Neuropathic pain syndrome was first recognized during the American Civil War (1864—Dr Mitchell) as “causalgia”, later reviewed and managed by Dr Bowsher D (1991). Neuropathic pain was defined as “pain arising as a direct consequence of a lesion or5 disease affecting the somatosensory system”, referred to by some as “deafferentation pain”. Regional pain syndrome was conceptualized in 1994.
Electricity and pain relief—natural sources like electric fish and static electricity from amber were used in ancient times!
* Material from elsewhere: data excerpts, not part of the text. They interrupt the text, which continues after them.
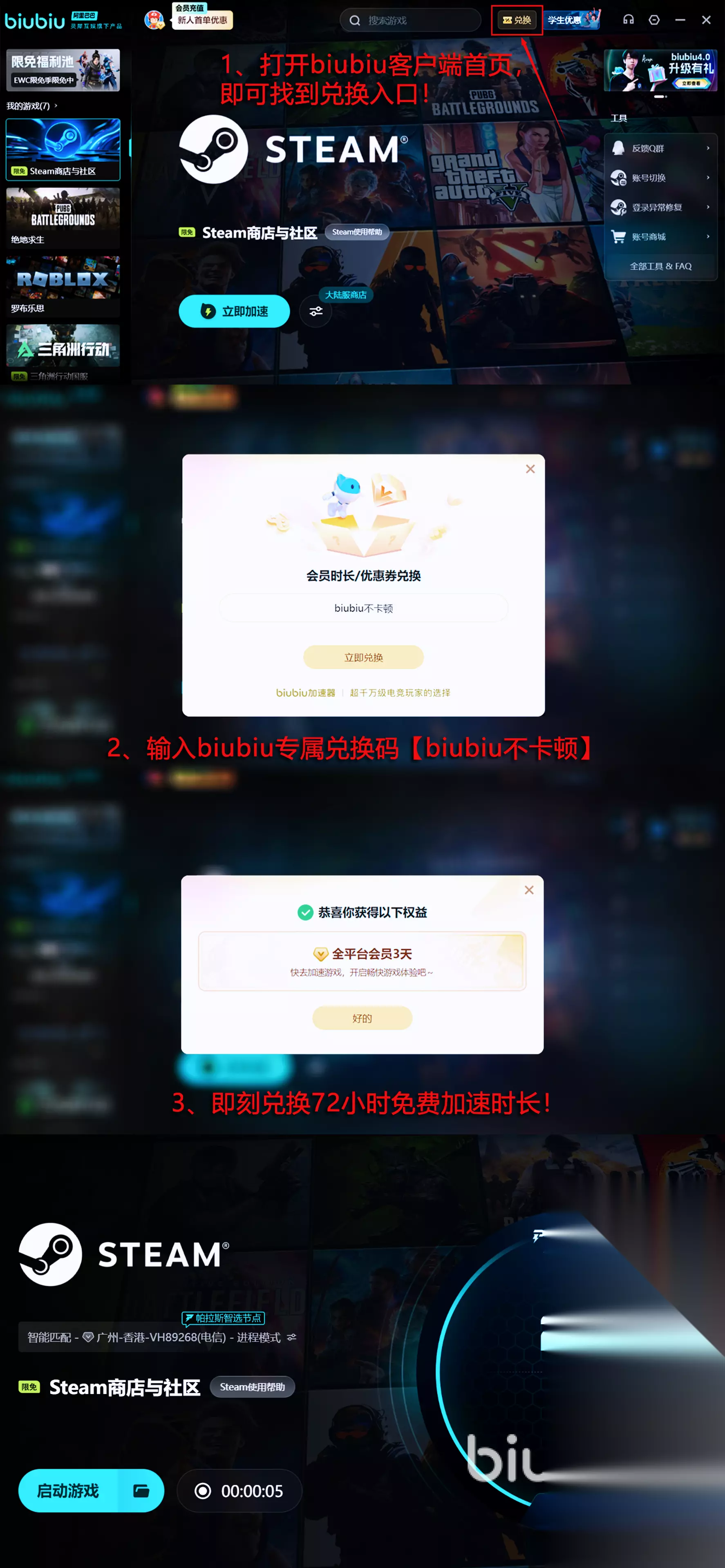 如果玩家们在战斗的时候感觉卡顿,操作延迟明显,大概率是由于网速不稳定导致,推荐使用biubiu加速器,能针对游戏联网场景提供优化,并且新人在注册后便获24小时免费加速,方便玩家先体验加速效果,新老用户使用兑换码【biubiu不卡顿】还可获3天免费的使用权。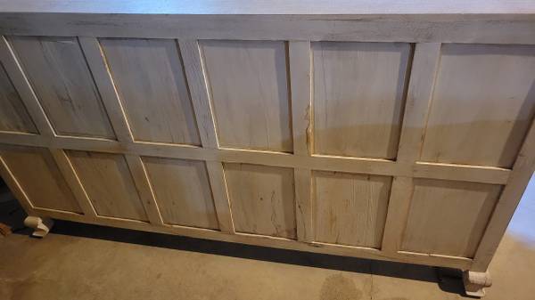 You are looking at a beautiful one of a kind piece that can be used as a Dresser or Hutch. This is made from solid wood in a white finish and features hand carved doors with iron hardware....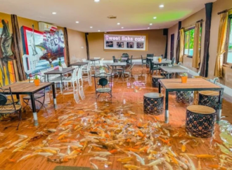 Представьте себе место, где вы можете насладиться чашечкой любимого кофе в компании десятков рыб кои, плавающих в воде по щиколотку, покрывающей весь пол. Вкратце,…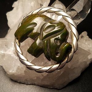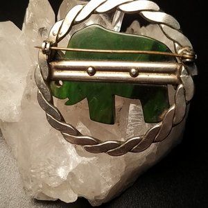 This vintage lucky elephant brooch is carved from deep green bakelite marbled with butterscotch. The carving is well done with no chips or cracks and a good polish. He is quite thick. The frame is twisted silver tone metal. The brooch is 2" across.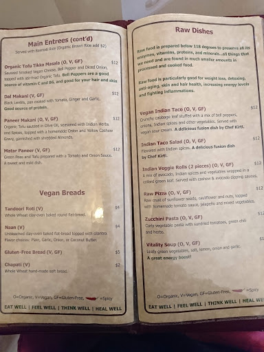 Kirti is a very sweet person and really cares about her customers. We first checked out her restaurant because we bought a Groupon for dinner. She made us feel really welcome, and showed us how to assemble and eat an interesting appetizer that involves punching holes in crispy balls and filling them with deliciousness. We had the buffet and everything was delicious. Even my girlfriend, whos a meat eater and not always huge on vegetarian food thoroughly enjoyed her meal. About a year later we came back for a cooking class on a weekend morning and learned how to make tasty dosa masala, chana masala, and masala tea. Kirti hand grinds all her spices fresh as shes making the food, bringing out the flavors. I went through a really busy period at work where I was skipping meals and not eating real healthy, so I signed up for her meal plan. She provides breakfast, lunch, and dinner at a price much cheaper than eating out all the time. Being able to take the stress out of grocery shopping and making meals when I was burning the candle at both ends was a huge help. I always had a yummy healthy meal waiting for me in the fridge, and didnt have to run and get fast food as I was running around. She provides smoothies for breakfast, salads and Indian pancakes for lunch, and a variety of curries and hearty stews for dinner. My favorites are the sautéed cabbage, the chana masala, the black lentils, the lentil soup, and the curry sweet peppers. She even got me to like cauliflower, a vegetable Ive never liked before. Although my main reason for signing up was convenience, I also lost weight - about 10-15 lbs over a month. I highly recommend her restaurant for dinner, her cooking classes, and her meal plan, for both vegetarians or meat-eaters looking for a healthy, tasty meal.

Man-made electricity as electrostatic generators (1672); electro-acupuncture (1823) and peripheral nerve stimulators were in use and later banned in the US because of misuse and again revived with spinal cord stimulation by Sheeley (1967), and stereotaxic surgery for central pain syndrome (1970s).
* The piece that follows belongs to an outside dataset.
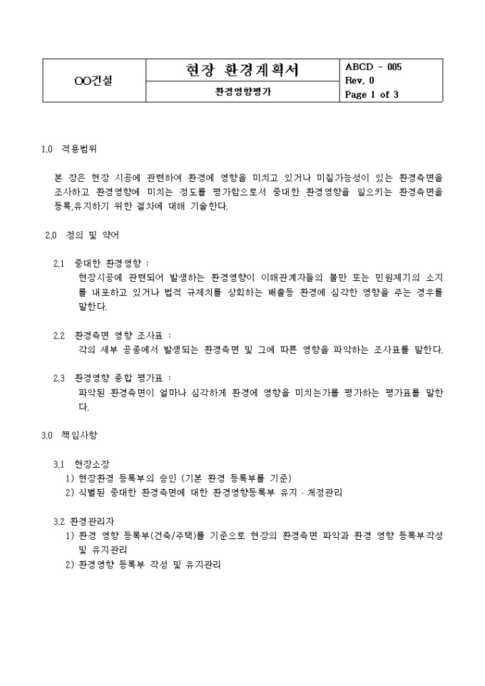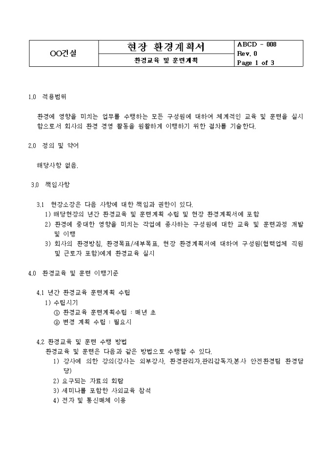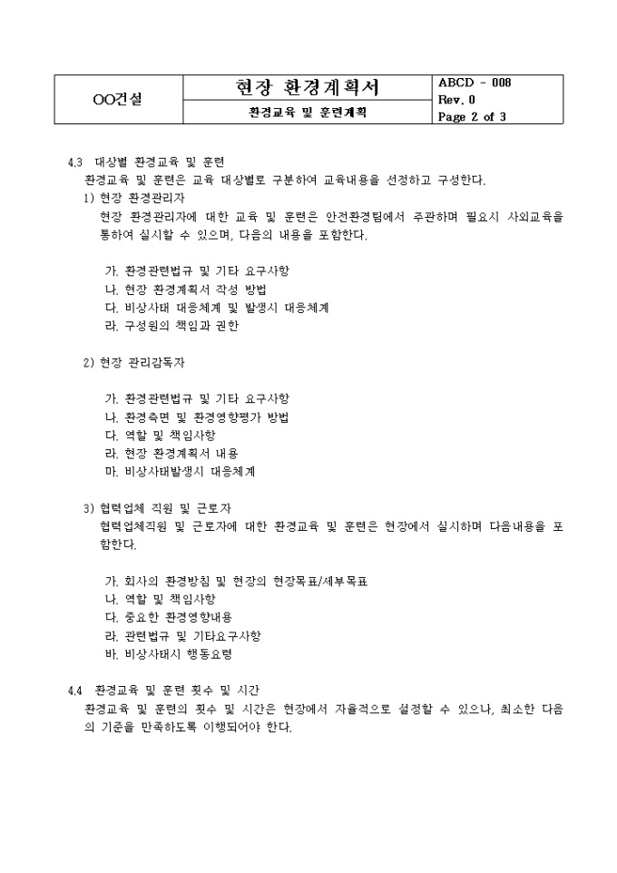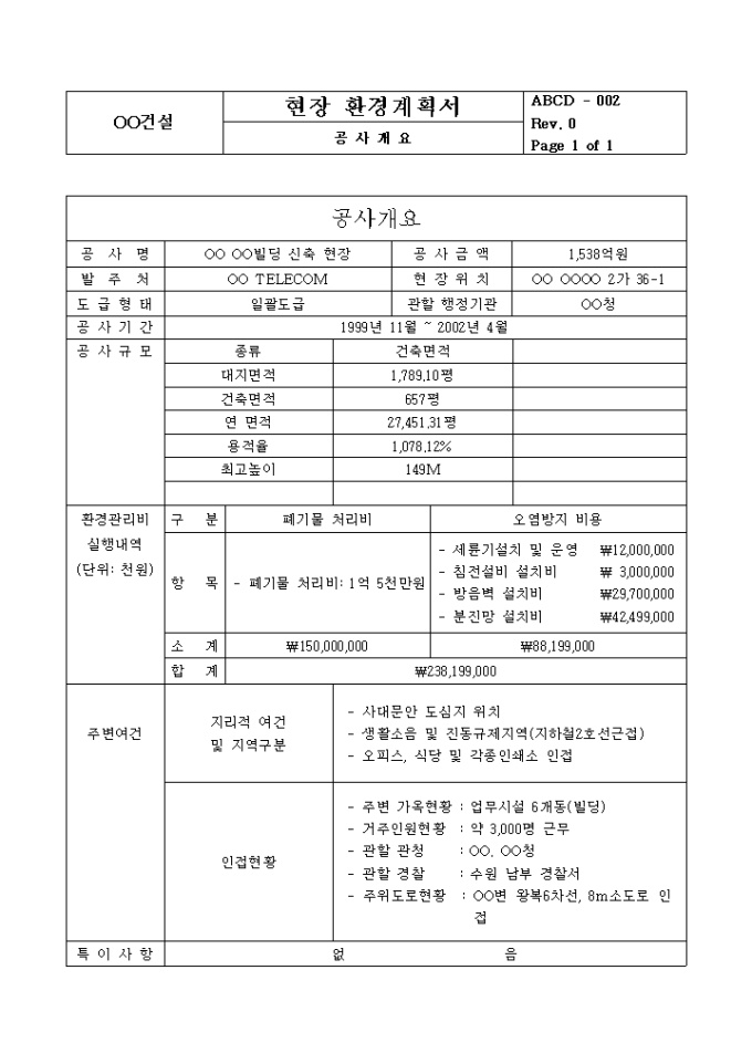 9,000원/월빌딩 신축시 사용하는 현장환경 계획서입니다.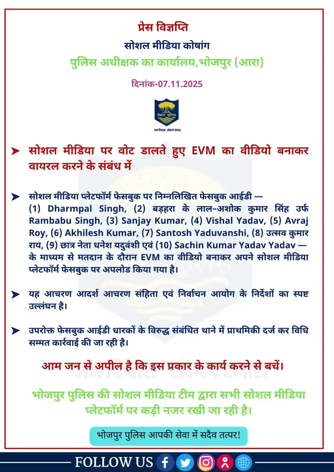 भोजपुर पुलिस ने आम मतदाताओं से अपील की है कि मतदान केंद्र पर वोट डालते समय किसी भी प्रकार की फोटोग्राफी या वीडियोग्राफी से बचें। मतदान एक गोपनीय प्रक्रिया है, और उसकी सुरक्षा हर नागरिक की जिम्मेदारी है। प्रशासन का कहना है कि इस तरह की घटनाएं न केवल आचार संहिता का उल्लंघन करती हैं, बल्कि यह लोकतांत्रिक मूल्यों पर भी सवाल उठाती हैं।

An array of new drugs have been synthesized—opiates, opioids, nonsteroidal anti-inflammatory drugs (NSAIDs), NMDA receptor antagonists, gabapentine; pregabalin, adjuvants like tricyclic antidepressants, steroids, and antiepileptics. These have helped in supportive treatment. Neurolytic drugs like alcohol, phenol, etc. were introduced as a last resort in cancer pain (1970s).
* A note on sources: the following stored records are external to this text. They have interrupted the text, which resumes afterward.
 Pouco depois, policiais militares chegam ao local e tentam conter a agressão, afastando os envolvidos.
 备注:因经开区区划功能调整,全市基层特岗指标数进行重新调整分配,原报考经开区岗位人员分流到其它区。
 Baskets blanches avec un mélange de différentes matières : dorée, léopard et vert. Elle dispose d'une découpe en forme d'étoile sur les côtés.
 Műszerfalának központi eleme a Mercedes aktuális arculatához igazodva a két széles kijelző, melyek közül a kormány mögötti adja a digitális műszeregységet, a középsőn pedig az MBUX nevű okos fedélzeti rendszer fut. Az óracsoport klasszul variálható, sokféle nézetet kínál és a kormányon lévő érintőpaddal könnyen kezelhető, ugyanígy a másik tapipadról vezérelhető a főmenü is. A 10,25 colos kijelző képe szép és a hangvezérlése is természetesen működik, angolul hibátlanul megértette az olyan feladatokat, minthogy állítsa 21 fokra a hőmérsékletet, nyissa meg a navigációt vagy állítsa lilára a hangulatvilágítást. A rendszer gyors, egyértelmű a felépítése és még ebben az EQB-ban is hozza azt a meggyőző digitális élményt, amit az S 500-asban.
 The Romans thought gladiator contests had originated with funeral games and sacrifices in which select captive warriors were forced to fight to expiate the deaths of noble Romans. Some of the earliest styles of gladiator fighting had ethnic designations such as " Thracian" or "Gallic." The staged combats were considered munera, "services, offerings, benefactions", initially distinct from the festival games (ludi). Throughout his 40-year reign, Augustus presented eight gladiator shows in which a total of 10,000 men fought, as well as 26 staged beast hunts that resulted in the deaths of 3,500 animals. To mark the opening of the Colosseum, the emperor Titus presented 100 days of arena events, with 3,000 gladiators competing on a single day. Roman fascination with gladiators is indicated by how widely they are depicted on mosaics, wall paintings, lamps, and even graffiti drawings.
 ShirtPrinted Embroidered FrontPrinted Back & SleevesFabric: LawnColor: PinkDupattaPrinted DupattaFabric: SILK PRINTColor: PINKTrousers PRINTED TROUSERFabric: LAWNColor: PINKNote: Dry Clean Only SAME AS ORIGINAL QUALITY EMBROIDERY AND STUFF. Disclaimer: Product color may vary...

Regional blocks (spinal and epidural) and peripheral as well as sympathetic nerve blocks have revolutionized pain management. A series of procedures and gadgets have revolutionized pain relief like fluoroscopy, radiofrequency ablation (1970s), a quarter century of percutaneous interventions have been introduced. Spinal endoscopy and myelos-copy (1931—Burmann). Endoscopy with rigid arthroscope and recognition of bands in the epidural space (1985—Bloomberg). Koki Simoji introduced the flexible fiberscope for subarachnoid and epidural visualization (1991).
Cancer pain needs a special mention, these patients need pain relief, palliative care, perhaps “end-of-life” care. This program has been adopted by some states in India (Kerala and Maharashtra). The World Health Organization introduced the “three-step analgesia ladder” in the treatment of cancer pain. Recent advances in drug delivery systems, e.g. percutaneous patches of opioids, etc. have alleviated the suffering of cancer patients.
Recent advances in drug delivery systems like percutaneous patches, analgesics, psychotherapy, radiation, chemotherapy or hormonal therapy and in extreme cases neurosurgery. However, there are many issues to be tackled, such as addiction, tolerance, depression and toxicity. Newer procedures and medications have made it possible for precise diagnosis, location and ablation of pain sources and created the modern pain physician.
 
CONCLUSION
It is highly important to know historical aspects to understand pain better and it definitely helps in clinical practice.
BIBLIOGRAPHY
  1. Bowsher D. Neuropathogenic pain syndromes and their management. Br Med Bull. 1991;47(3):644–66.
  1. Bennett I. Spinal cord stimulation. In: Bennett MI (Ed). Neuropathic Pain, 2nd edition. London: Oxford University Press;  2010. p. 161.
  1. Keys TE. The History of Surgical Anaesthesia. New York: Schuman;  1945. pp. 84, 110, 111.
  1. Melzack R, Wall PD. Pain Mechanisms: a new theory. Science. 1965;50(3699):971–9.
  1. Simpson BA. Electrical stimulation and relief of pain. In: Simpson BA (Ed). Pain Research and Clinical Management. Amsterdam: Elsevier;  2003.
  1. Souvenir—Centenary of the Afzal Gunj Hospital and Diamond Jubilee Osmania Hospital, Hyderabad; 1988.
  1. Souvenir—III Joint Indo-US Anaesthesiology—update cum workshop. New Delhi; 1994. p. 15.
  1. Sushruta Samhita. Ayurveda. 500 BC.
  1. World Health Organization. Analgesic Ladder for Pain Management. Geneva: WHO;  1986.